Non-fiction: newspapers and magazines, reference texts,
explanations, persuasion including advertisements.
Fiction and poetry
• Extend the range of reading.
• Explore the different processes of reading silently and reading aloud.
• Investigate how settings and characters are built up from details and identify key words and phrases.
• Explore implicit as well as explicit meanings within a text.
• Recognise meaning in figurative language.
• Understand the main stages in a story from introduction to resolution.
• Explore narrative order and the focus on significant events.
• Retell or paraphrase events from the text in response to questions.
• Understand how expressive and descriptive language creates mood.
• Express a personal response to a text and link characters and settings to personal experience.
• Read further stories or poems by a favourite writer, and compare them.
• Read and perform play-scripts, exploring how scenes are built up.
• Explore the impact of imagery and figurative language in poetry, including alliteration and simile, e.g. as … as a ….
• Compare and contrast poems and investigate poetic features.
• Understand how points are ordered to make a coherent argument.
• Understand how paragraphs and chapters are used to organise ideas.
• Identify different types of non-fiction text and their known key features.
• Read newspaper reports and consider how they engage the reader.
• Investigate how persuasive writing is used to convince a reader.
• Note key words and phrases to identify the main points in a passage.
• Distinguish between fact and opinion in print and ICT sources.
• Explore different ways of planning stories, and write longer stories from plans.
• Elaborate on basic information with some detail.
• Write character profiles, using detail to capture the reader’s imagination.
• Explore alternative openings and endings for stories.
• Begin to adopt a viewpoint as a writer, expressing opinions about characters or places.
• Begin to use paragraphs more consistently to organise and sequence ideas.
• Choose and compare words to strengthen the impact of writing, including some powerful verbs.
• Explore the layout and presentation of writing, in the context of helping it to fit its purpose.
• Show awareness of the reader by adopting an appropriate style or viewpoint.
• Write newspaper-style reports, instructions and non-chronological reports.
• Present an explanation or a point of view in ordered points, e.g. in a letter.

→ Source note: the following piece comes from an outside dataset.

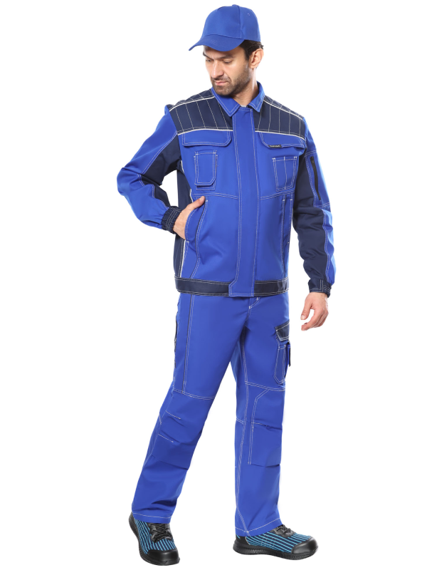 Материал верха основой: ткань смешанная, полиэфирнохлопковая, с водоотталкивающей пропиткой (ВО), пл. 245 г/м², состав 65% ПЭ, 35% ХБ, Цвет: васильковый

• Collect and present information from non-fiction texts.
• Make short notes from a text and use these to aid writing.
• Summarise a sentence or a paragraph in a limited number of words.
• Use joined-up handwriting in all writing.
Speaking and listening
• Organise ideas in a longer speaking turn to help the listener.
• Vary use of vocabulary and level of detail according to purpose.
• Understand the gist of an account or the significant points and respond to main ideas with relevant suggestions and comments.
• Deal politely with opposing points of view.
• Listen carefully in discussion, contributing relevant comments and questions.
• Adapt the pace and loudness of speaking appropriately when performing or reading aloud.
• Adapt speech and gesture to create a character in drama.
• Comment on different ways that meaning can be expressed in own and others’ talk.